L: Most of the images, in this case, were not actually AI-generated. There’s a little part in the installation which is totally AI-generated, but in the end, I wanted to recreate more realistic images, or at least more realistic subjects within them. I chose to involve Karol Sudolski, who is more or less a part of LOREM, as we often collaborate… he is really important for its development as a whole. He co-directed the visual aspect of this episode, and he built the photogrammetries we placed in the film. As an overall point, collaborations are an essential part of my work. LOREM is a very personal project, but at the same time it acts collectively, in a way in which my vision is totally conjoined with perspectives from others. That’s why I mostly tend to avoid exposing my own image and my persona with LOREM.
BG: How long has LOREM already existed in that way?
L: I started working with AI in 2016. At that moment, I had a very precise idea of the project, but the name had not yet come to mind.
BG: Tell us about the role of music in this installation. And of the importance of it within the concept of immersion.
L: I would say I am not really that interested in building any interplay between myself and an audience. I am, however, fascinated by the idea of imposing my vision on or to people, even to overwhelm them. A VR immersive experience forces people to quite literally see through another set of eyes. This is also related to the topic of Distrust Everything in general. Evidently, music plays a crucial role in this too, as it becomes, I think, the driving element of the work. For the music, once again, it was an individualistic process. I involved Acre, an artist based in Manchester who I have followed for a few years now, and we produced the soundtrack of the last scene together. I also made a track with Kid Brothers, and a remix of a song by Hampar Soum.

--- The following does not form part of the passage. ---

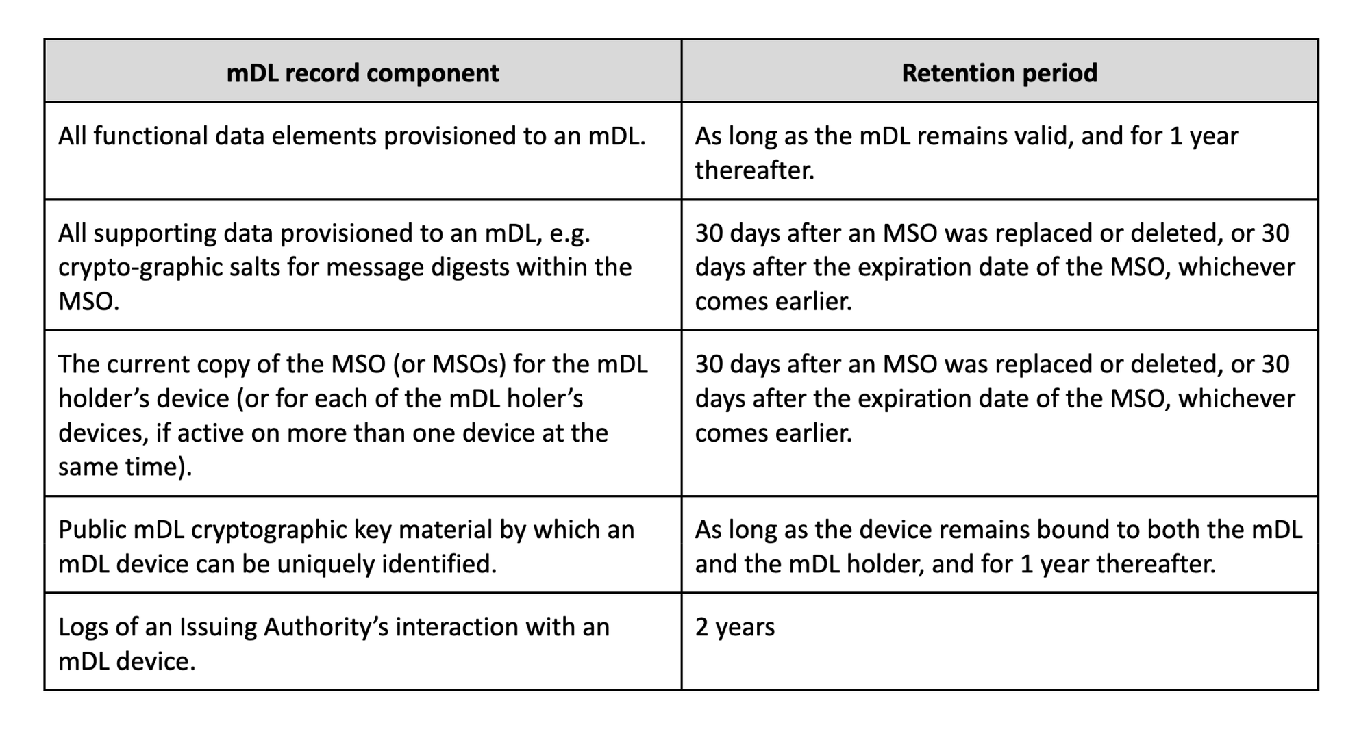 Another consideration is that certain implementation guidelines for digital credentials recommend retention periods for unique values for issuing authorities. For example, AAMVA’s implementation guidelines include the following recommendations for minimum retention periods:

BG: There’s a last important element we didn’t talk about. There is voice in the installation. It sounds like a child’s voice, and it is leading us through the plot. Where does the voice come from?
L: We had the chance to record the voice of Ilyas – a young boy from Belgium who’s amazingly talented in interpreting text. He not only recorded his voice from the plot. We also employed his voice to train a small text-to-speech tool. At times, the voice sounds really synthetic and uncanny, and the fact he’s a child further enhances some of the more peculiar elements within the installation.
BG: My last question is about the title: Distrust Everything. Why?
L: Well, it’s not exactly easy to provide a brief explanation, but let’s say Distrust Everything is an invitation to retool our relationship with the external world, that which we often perceive as something of a ‘given’ thing, as a datum. The boundary between dreams and reality is often blurred, which I think feels especially true in today’s world, and certainly in the so-called “post truth” society. We literally inhabit narrations and exist in a time where feelings and impressions seem to be more relevant than facts. Perhaps I can provide a little provocation here, in addition to that: I think the idea of truth, particularly the way in which we understand it in 2021 and simply as we feel it nowadays, it somehow has become an overrated tenet of reality. This is something rather evident in more recent examples of right-wing and populist movements, as there is an understanding that emotions indeed affect reality more often than truth. Perhaps then, we should rethink this rather normative or stable idea of truth which we have and consider abandoning the idea that the world we believe we live in is mirrored by reality. We could possibly then try to build new narrations and imagery, that which could help us truly heal instead of simply “understanding”. You could say, that is more or less what Distrust Everything is about.**
LOREM’s Distrust Everything ran at Elevate Festival in Graz from August 4 to 8, 2021.